Поздно вечером, когда Нина Павловна пришла из школы, Галина лежала в постели.
— Что с тобой? — склонилась она над дочерью. — Ты заболела?
Но Галина закрылась одеялом с головой, а когда мать отвернула одеяло, она заплакала, закрыв лицо руками.
— Рассорились с Валентином? — спросила снова Нина Павловна, отводя ее руки от лица, но, едва поглядев в заплаканные глаза дочери, как-то вдруг все поняла... Поняла и сникла, склонилась над дочерью.
— Что ж, дело ваше, вам и решать... — тихо произнесла она. — А где Валентин?
— Ушел... — всхлипнула Галина и вдруг обняла мать, притянула к себе. — Мне казалось, что я очень любила его, мама... А вот теперь, теперь... Но зачем все это так?
— Дурочка ты моя... Ты и сейчас любишь его, вижу ведь. А куда он ушел?
— Не знаю. Я ему сказала, чтобы он уходил.
Нина Павловна улыбнулась с такой теплотой, что Галина снова прижала ее к себе:
— Мама, а, может, я не люблю его?
— А это тебе лучше знать! — поцеловала дочь Нина Павловна, а выпрямившись, задумчиво сказала: — Дурни вы мои, дурни. И куда все торопитесь? Что ж, теперь не плакать надо, а к вечеру готовиться, пригласить кое-кого...
Валентин вернулся домой ночью, думая, что все спят. Но ни Галина, ни Нина Павловна не спали.
— Иди сюда, Валя, — позвала его Галина, но Нина Павловна опередила ее:
— Нет уж... Сначала он мне нужен, а вы с ним еще наговоритесь ночью. Пойдем-ка, Валентин, ко мне в комнату.
И Валентин понял, что мать все знает и не осуждает. На сердце стало радостно.
Так Валентин был принят в семью Жарченко.
...Утром в школе Галина ждала — все заметят, что она не та. Но никто ничего не сказал ей, никто по-особенному, как ожидала она, к ней не приглядывался, даже Борис Владимирович был, кажется, занят в этот день больше обычного. И, немного разочаровавшись в своих ожиданиях, она с наивной обидой решила, что это, пожалуй, закономерно для людей: поздравлять, когда еще не нужно, и не замечать, когда нужно поздравить...
Прошло еще две недели — начинался апрель.

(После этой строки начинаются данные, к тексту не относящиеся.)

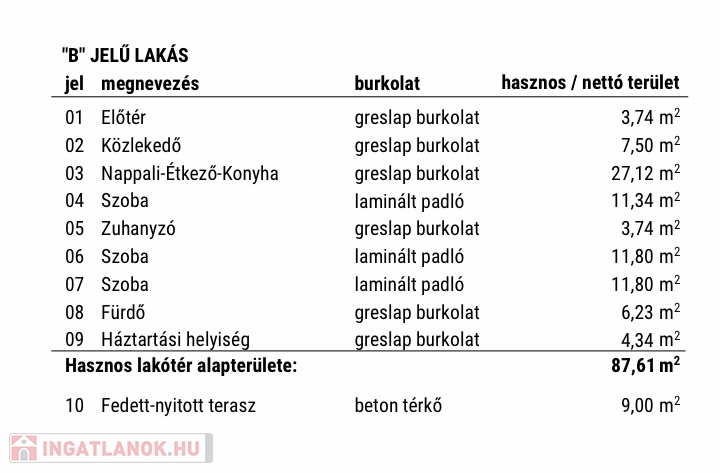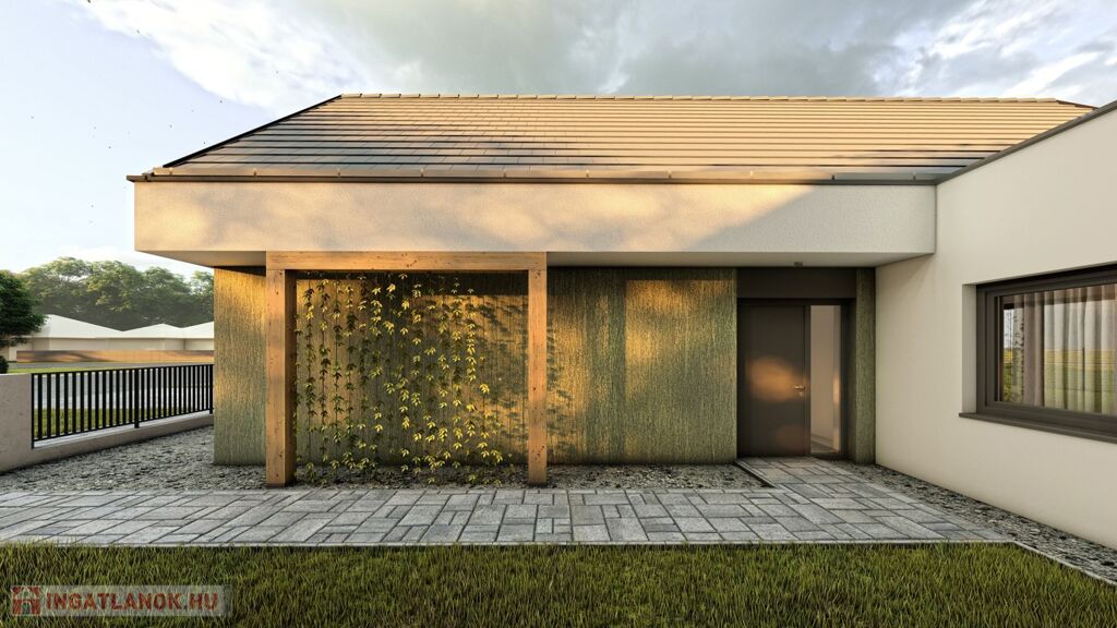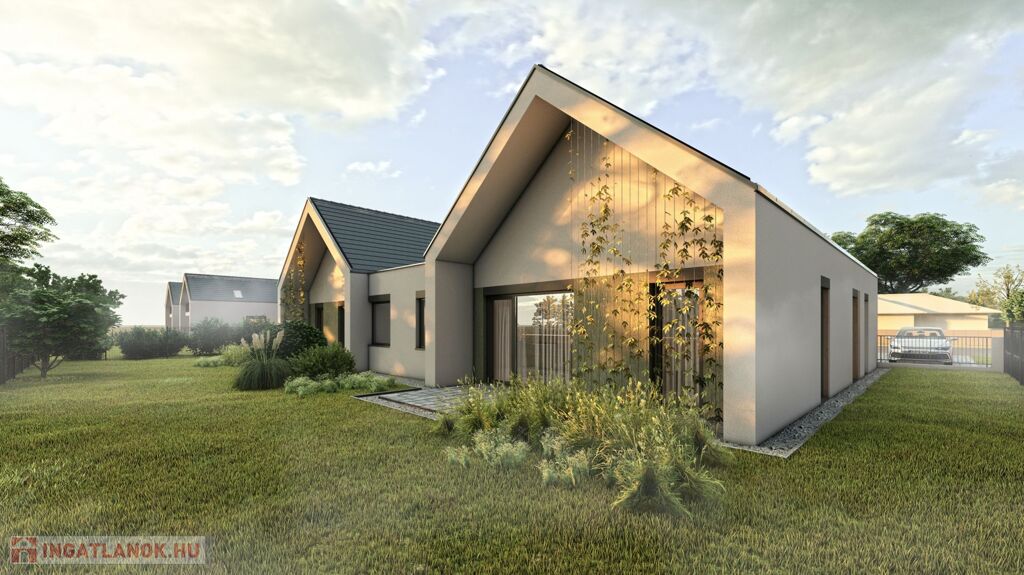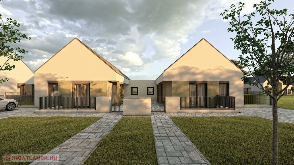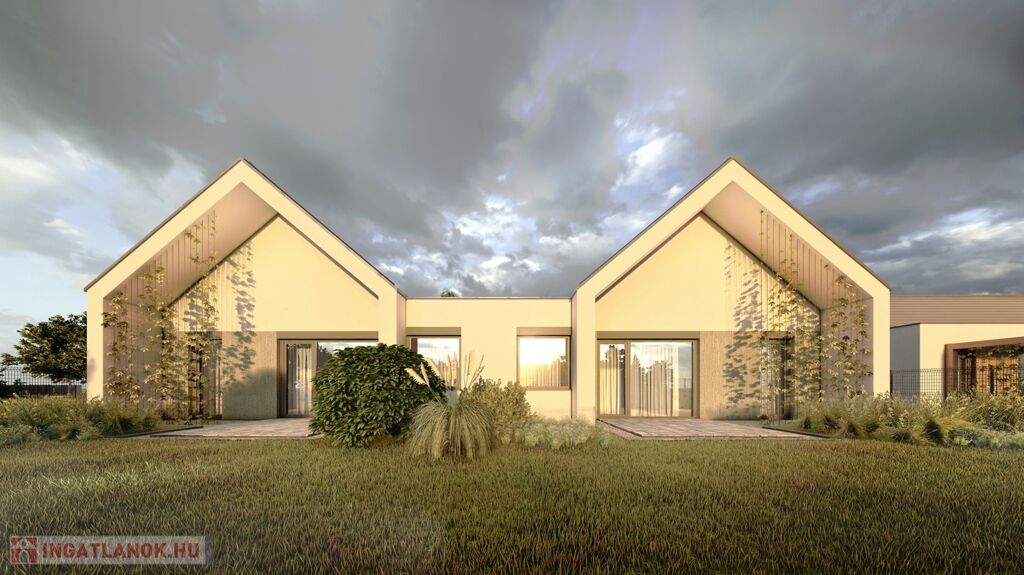 In Mosonmagyaróvár, in Duna Residential Park, NEWLY BUILT semi-detached house with 364 m2 plot, 87.61 m2 usable floor area, 3 rooms + living room, excellent floor plan layout, built with high technical content, equipped with energy-saving heat pump heating system, partially covered terrace of 9 m2 , for sale in a ready-to-build condition with a paved parking space. Price: HUF 79,800,000 Contact: +36-20-36-44-444 The semi-detached houses under construction are located in the inner area of Mosonmagyaróvár in the newest part of the Duna residential park. The residential park has a fully developed asphalt road network and utility system. Load-bearing structures, masonry: construction of Porotherm system masonry (Leier, Wienerberger) from 30 N+F flat-polished bricks with foam bonding. Inside the building, partition wall 10 is brick masonry (Leier, Wienerberger) with foam masonry. Slabs: A monolithic reinforced concrete slab with a thickness of 20 cm will be made above the building, using formwork technology on site with the necessary reinforcement according to the static plans, in the concrete quality prescribed by the static. Roof: Construction of a nail plate structure from soaked pine lumber. Laying of roofing membrane, battens and cladding with concrete tiles in anthracite color. (Terrán, Bramac) Thermal insulation: The residential building will be insulated with 15 cm of glass fabric mesh and sealed with rubbed white colored plaster (1.5 mm). Baumit Creativtop with additional colored plaster (1.5 mm) shown in the visual plans. Inside the building, a total of 17 cm of thermal insulation is made under the floor. Shutters: We use PVC structure windows and balcony doors in tilt-open versions, and in some places with fixed glazing in anthracite color. All facade doors and windows are equipped with 3 layers of glazing. The entrance doors to the apartment are also made of plastic with a heat-insulated styrodur panel and a safety lock. Complete aluminum shutter equipment with remote control operation.

* * *...Аркадий чихнул и проснулся. Еще не открывая глаз, ощутил на лице ласковую теплоту. Солнце! Оно силилось влиться в приоткрытые щелки заспанных глаз Аркадия таким обилием тепла и света, что он не выдержал и отвернулся. Но тотчас же торопливо вскочил «Неужели опоздал»? — завихрилось в голове.

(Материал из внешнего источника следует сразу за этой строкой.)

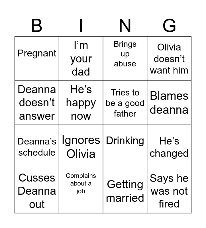 This bingo card has 16 words: Complains about a job, He’s changed, Brings up abuse, Pregnant, Deanna’s schedule, I’m your dad, Drinking, Getting married, Deanna doesn’t answer, He’s happy now, Cusses Deanna out, Olivia doesn’t want him, Ignores Olivia, Blames deanna, Tries to be a good father and Says he was not fired.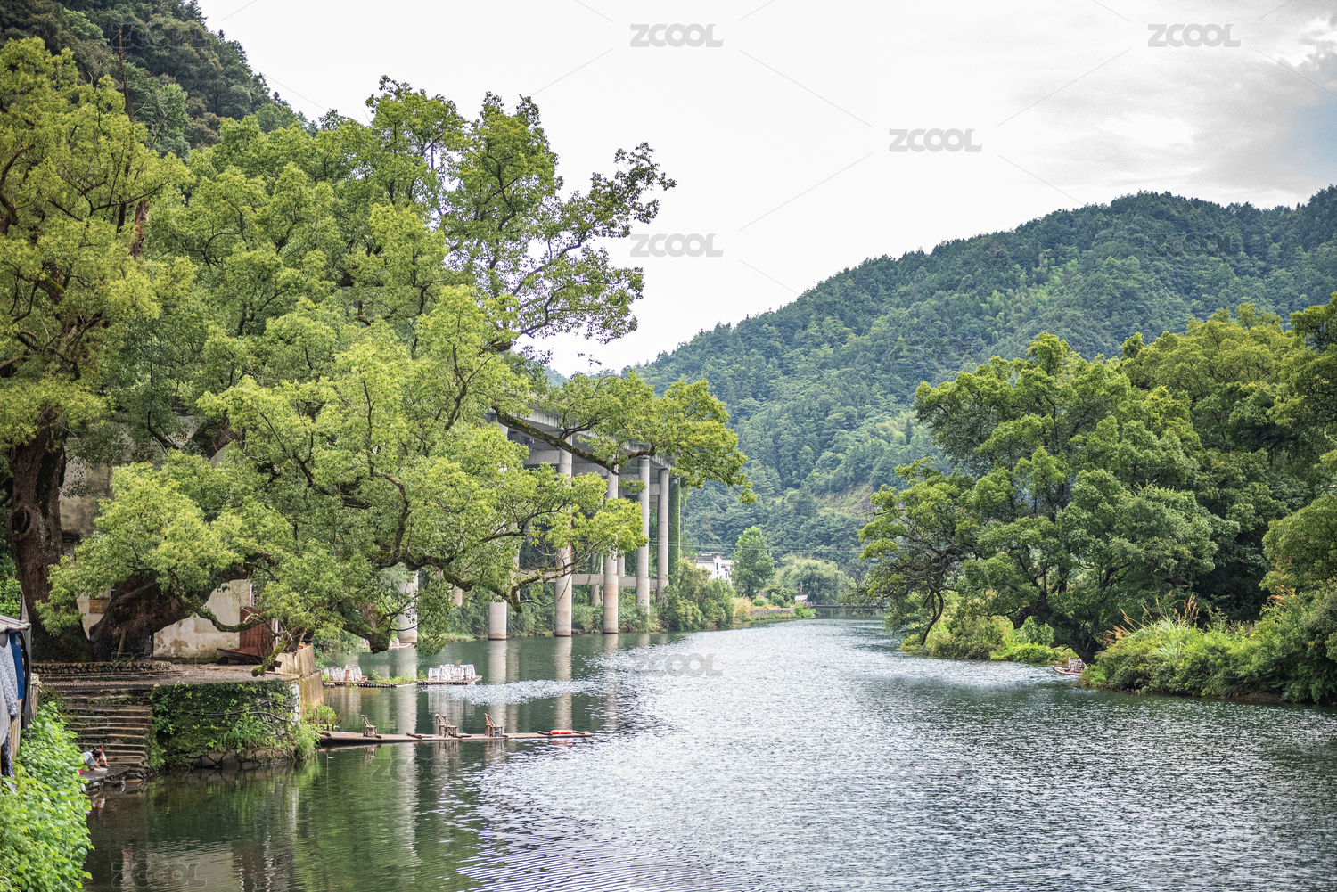 四川洪雅柳江古镇杨村河蜿蜒的重力坝自然景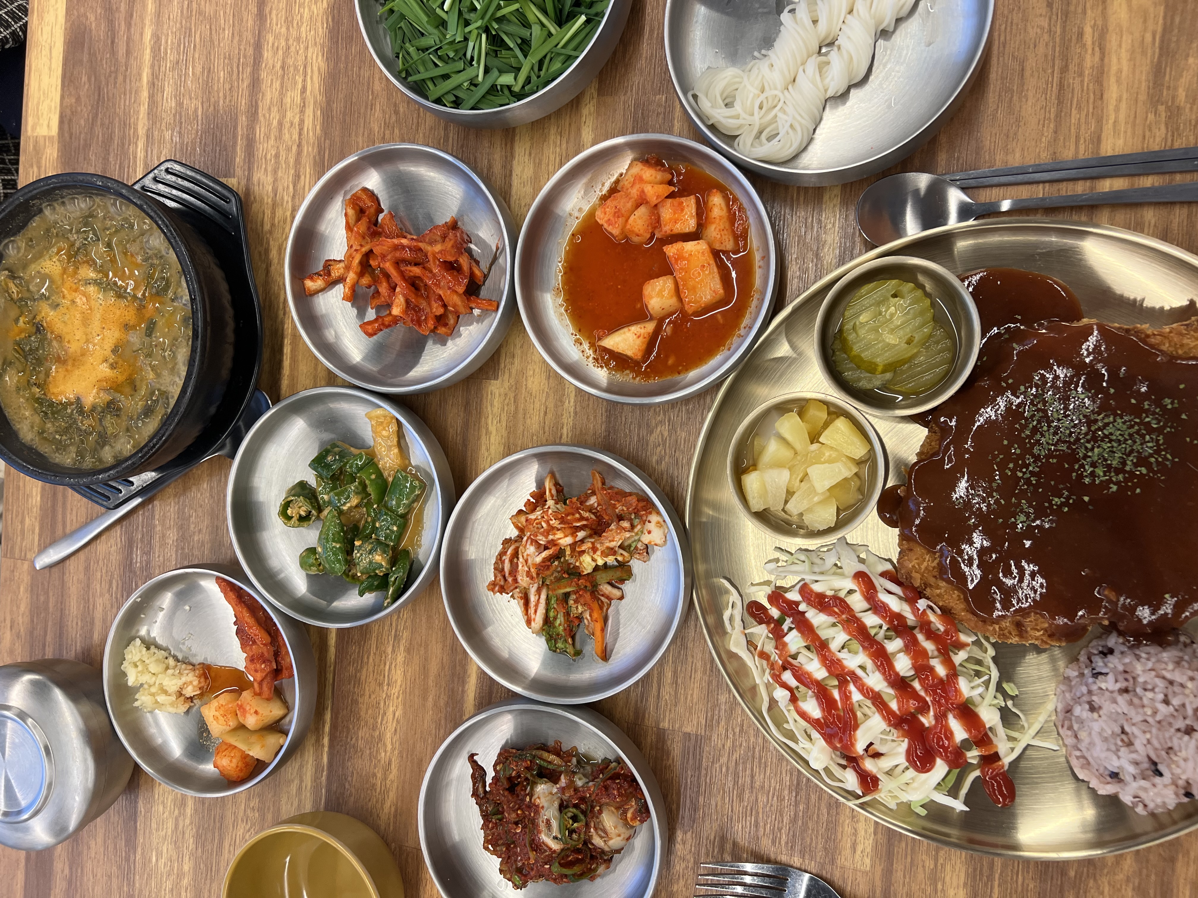 돈까스 접시가 플라스틱 접시가 아니네요. 칼로 자르기가 좀 이상할듯..

— А ты куда спешишь? — вдруг словно со стороны спросил его кто-то. Аркадий облегченно рассмеялся: сегодня выходной, и торопиться совершенно некуда. Но спать уже не хотелось. И лишь сейчас Аркадий почувствовал, что за окном что-то происходит: даже сквозь двойные рамы можно было ощутить этот блестящий тысячами искорок и звенящий всеми оттенками радостных звуков фейерверк весны.

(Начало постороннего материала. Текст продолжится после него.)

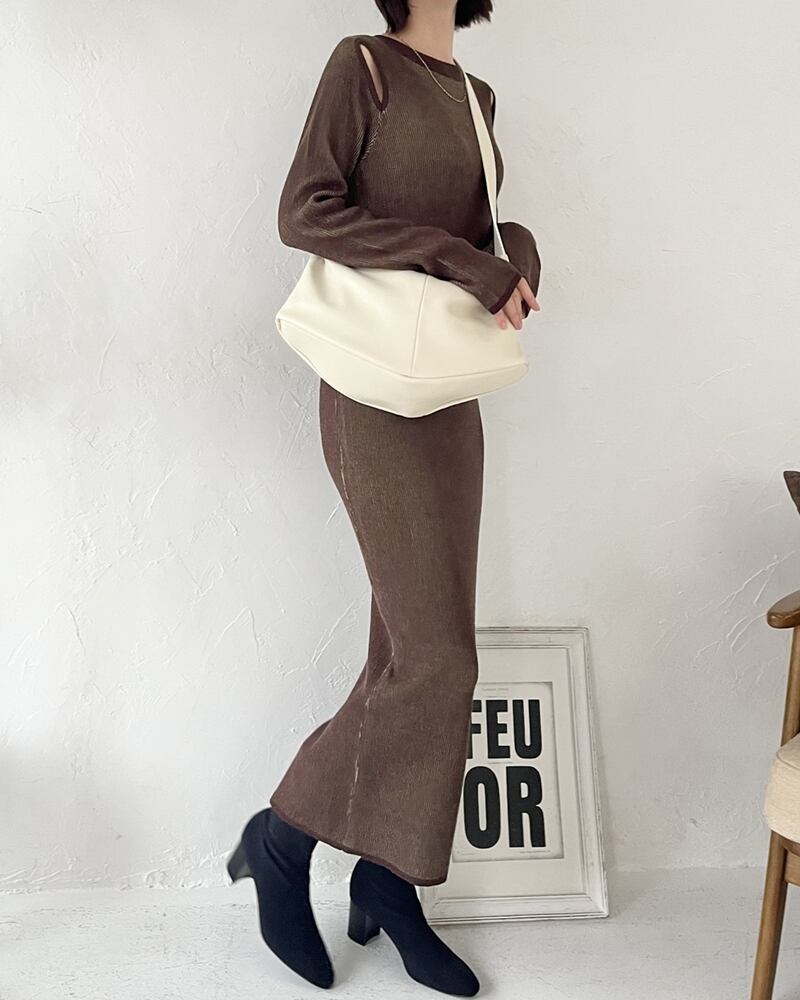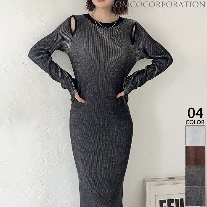 新作 春物 全4色 配色ショルダーカットアウトニットワンピース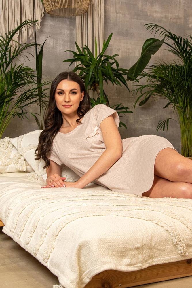 Camicia da donna in cotone di alta qualità e piacevole al tatto. Maglietta a maniche corte. Scollo semicircolare. Dlunghezza prima del ginocchio. Taglio molto confortevole, delicatamente adattato al corpo. Si rivolge alle donne che amano la morbidezza e la libertà.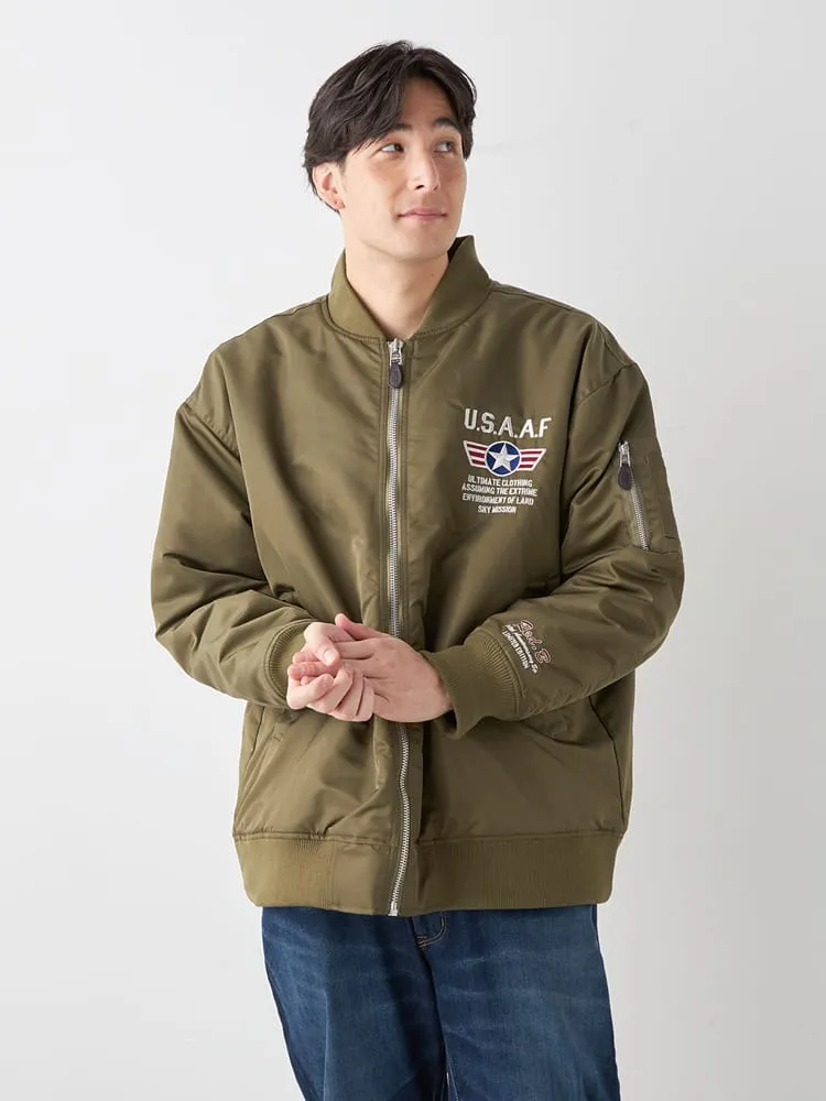 大きいサイズのメンズ 高密度ナイロンツイル MA-1フライトジャケットAVIATIONです。REDBERETSのブランド10周年記念モデル。高密度300Tツイルの表地に保温性中綿、アルミファスナー、大きなミリタリーワード刺繍仕様といったこだわりのディテール内容。クラッシックなビンテージスタイルMA-1を彷彿させる限定アイテムです。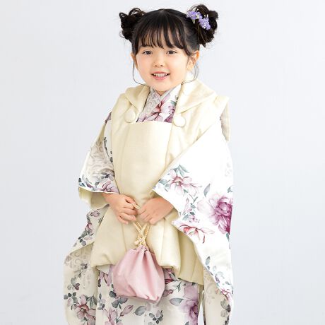 きもの館SOUBIENのプライベートブランド『floro by SOUBIEN』(フローロ)の女の子の七五三やお宮参りにおすすめな女児用の被布着物セットです。
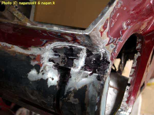 フェンダー合わせ部分の錆はにきび肌になってました。

Аркадий вышел на балкон и до боли вдохнул полной грудью свежий весенний воздух. А сам все смотрел и смотрел вокруг...
Талые дороги почернели, на них с шумом и звоном растекаются веселые ручейки. По обочинам, в канавах, куда отовсюду устремляются эти ручейки, набухший снег становится серым, как слежавшаяся грязная вата. Аркадий вбежал в комнату и растолкал спящего на соседней койке Генку.
— Генка, вставай! Весну проспишь...
Генка сладко пожевал губами, что-то со сна промычал и отвернулся к стене.
— Ну, подымайся же ты, наконец! — Аркадий стащил с Генки одеяло. — Весна же, весна!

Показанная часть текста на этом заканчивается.